Publicado originalmente na Cinética em Setembro de 2009.
Quando menos é mais
Já próximo do final de Viagem aos Pirineus, temos uma sequência de planos das montanhas enquadradas de ponta cabeça. Na banda sonora, um som de água nos faz uma pergunta: estamos a ver um reflexo das montanhas no lago, ou apenas uma imagem realmente virada ao contrário? A câmera dos irmãos Larrieu não só nunca nos oferecerá resposta pra essa pergunta, como repetirá essas imagens, duplicadas – em espelhamento completo – nos créditos de encerramento do filme. Em A Câmera, primeiro volume da essencial trilogia de livros do fotógrafo Ansel Adams, o autor defende o uso das câmeras fotográficas de grande formato por, entre outros motivos, o visor da câmera não corrigir a inversão ótica produzida pela objetiva. Segundo Adams, ao julgar a imagem de cabeça para baixo, o fotógrafo precisará se ater não ao significado do que ele enquadra, mas sim à sua forma visual concreta, onde os objetos são apenas elementos da composição do quadro.

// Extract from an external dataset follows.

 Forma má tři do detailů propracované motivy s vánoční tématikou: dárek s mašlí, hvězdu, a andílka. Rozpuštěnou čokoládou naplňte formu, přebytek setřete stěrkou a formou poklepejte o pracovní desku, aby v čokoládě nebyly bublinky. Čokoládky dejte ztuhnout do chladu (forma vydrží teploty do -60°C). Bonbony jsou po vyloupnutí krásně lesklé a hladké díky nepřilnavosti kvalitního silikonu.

A aproximação um tanto improvável do fotógrafo americano com os irmãos franceses é ilustrativa, pois Viagem aos Pirineus é, até certo ponto, um filme anti-semântico. Seu ritmo de comédia screwball faz associações absolutamente disparatadas, ao mesmo tempo em que oferece falsas pistas para leituras metafóricas. Para se chegar ao filme, é preciso aprender a ler de menos. Os que tendem a ler demais ficam, logo, para trás: não há articulação alguma entre o arroubo ninfomaníaco de Aurore Lalu (Sabine Azéma), o homem que a persegue vestido de urso, os monges da felicidade que a conhecem na floresta, ou mesmo a troca de corpos (sim, exatamente como em Se Eu Fosse Você – mas que aqui é apenas uma entre várias situações estapafúrdias) dela com o marido (Jean-Pierre Darroussin), que vem logo após os planos invertidos dos pirineus. Mesmo enquanto símbolo dessa inversão física, as montanhas são signo que dependem apenas de sua visualidade, sua correlação de espírito.

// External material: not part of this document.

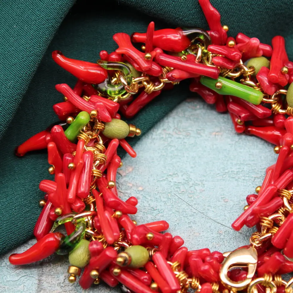 Браслет из натурального красного коралла, богемского стекла в виде перчиков чили, дерева.

Qualquer leitura que busque estabelecer relações entre as diversas minitramas de Viagem aos Pirineus passará ao largo do filme, pois o que parece importar aos irmãos Larrieu é, precisamente, a falta de conexões. Não é à toa, portanto, que o casal de personagens seja, dentro do filme, um casal de atores; ou que o urso seja, enfim, um homem vestido de urso, que o filme nunca mostra fora da fantasia – mas que aparecerá fumando, urinando em pé, entre outras ações humanas. Ou mesmo que, ao longo do filme, Jean-Pierre seja confundido diversas vezes com André Dussolier – parceiro de Azéma nos filmes dirigidos por Alain Resnais, que tem como única semelhança com Darroussin a gestalt do sobrenome. Pois o que fascina os diretores parece ser justamente a representação abismática, onde narrativas estapafúrdias se embolam, e levam as personagens sempre para os caminhos mais improváveis.

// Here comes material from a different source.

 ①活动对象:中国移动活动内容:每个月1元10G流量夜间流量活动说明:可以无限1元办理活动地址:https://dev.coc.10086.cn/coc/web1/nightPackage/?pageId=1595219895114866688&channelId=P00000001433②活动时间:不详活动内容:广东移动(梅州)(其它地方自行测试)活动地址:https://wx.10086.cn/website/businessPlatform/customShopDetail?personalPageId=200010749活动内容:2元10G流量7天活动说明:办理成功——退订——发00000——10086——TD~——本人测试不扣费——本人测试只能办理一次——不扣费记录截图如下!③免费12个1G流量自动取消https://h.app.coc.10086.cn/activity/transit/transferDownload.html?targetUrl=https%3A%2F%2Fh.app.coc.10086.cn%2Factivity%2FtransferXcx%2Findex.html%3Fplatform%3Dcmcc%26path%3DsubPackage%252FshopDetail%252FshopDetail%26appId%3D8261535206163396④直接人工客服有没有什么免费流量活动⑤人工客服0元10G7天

Não existem, portanto, metáforas, simbolismos, ou prova dos 9 que o filme não desmonte; Viagem aos Pirineus parece se interessar pelo cinema enquanto produtor potente de situações. Estamos, afinal, diante de um filme que se encerra com sua mais expressiva frase: “Eu sou apenas um ator”. Depois disso, o casal entra no carro e larga as malas para trás. Viagem aos Pirineus não pede nada além disso do espectador: que embarquemos, todos, deixando nossas bagagens para trás. O embarque na Viagem depende, portanto, do envolvimento com esse incessante ritmo farsesco – que, mesmo dentro de sua irregularidade, se sustenta ao longo da projeção com inegável graça.